By Chris Prentice
NEW YORK (Reuters) – Bloomberg Finance LP has agreed to pay a $5 million fine to settle charges from the U.S. Securities and Exchange Commission (SEC) over “misleading” disclosures relating to its paid subscription service, the regulator said on Monday.
Bloomberg failed to disclose to customers of its BVAL service that its daily price valuations for fixed-income securities could be based on a single data input from at least 2016 to October 2022, the SEC said in a statement. That practice did not adhere to methodologies the firm had previously disclosed, the agency said.
Bloomberg did not admit or deny the SEC’s charges and a spokesperson for the company declined to comment. In addition to paying the penalty, the firm agreed to cease and desist from future violations.

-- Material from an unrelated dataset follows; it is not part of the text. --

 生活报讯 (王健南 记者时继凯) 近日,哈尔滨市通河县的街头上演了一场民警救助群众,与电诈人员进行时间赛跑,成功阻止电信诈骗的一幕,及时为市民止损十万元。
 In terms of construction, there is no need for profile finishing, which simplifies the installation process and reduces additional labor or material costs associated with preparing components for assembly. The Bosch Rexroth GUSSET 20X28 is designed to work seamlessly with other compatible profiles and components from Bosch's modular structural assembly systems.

Mutual funds and other customers use BVAL prices to set the value of their investments in corporate and municipal bonds and securitized products, according to the SEC. While it found no evidence Bloomberg listed any erroneous prices, the agency said there were instances when its valuations were not derived in accordance with its stated methodologies.

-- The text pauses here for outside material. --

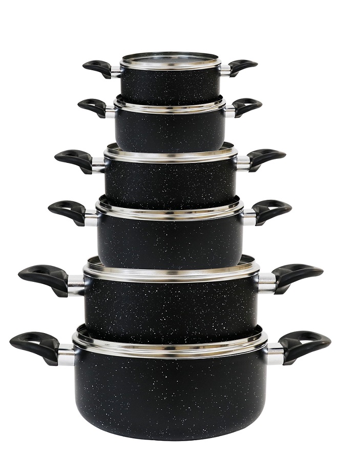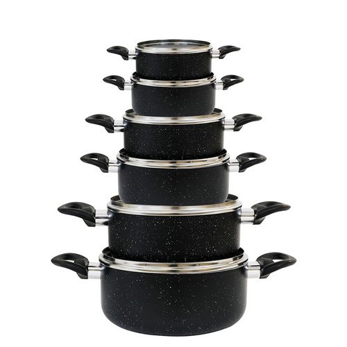 Batterie de cuisine induction 12 pièces aluminium noir

For a “very small fraction of total reported valuations”, Bloomberg determined prices of certain fixed income securities based on “uncorroborated single broker quotes”, the SEC’s order said.
The SEC “will hold service providers, such as Bloomberg, accountable for misrepresentations that impact investors,” said Osman Nawaz, chief of the SEC enforcement division’s complex financial products unit.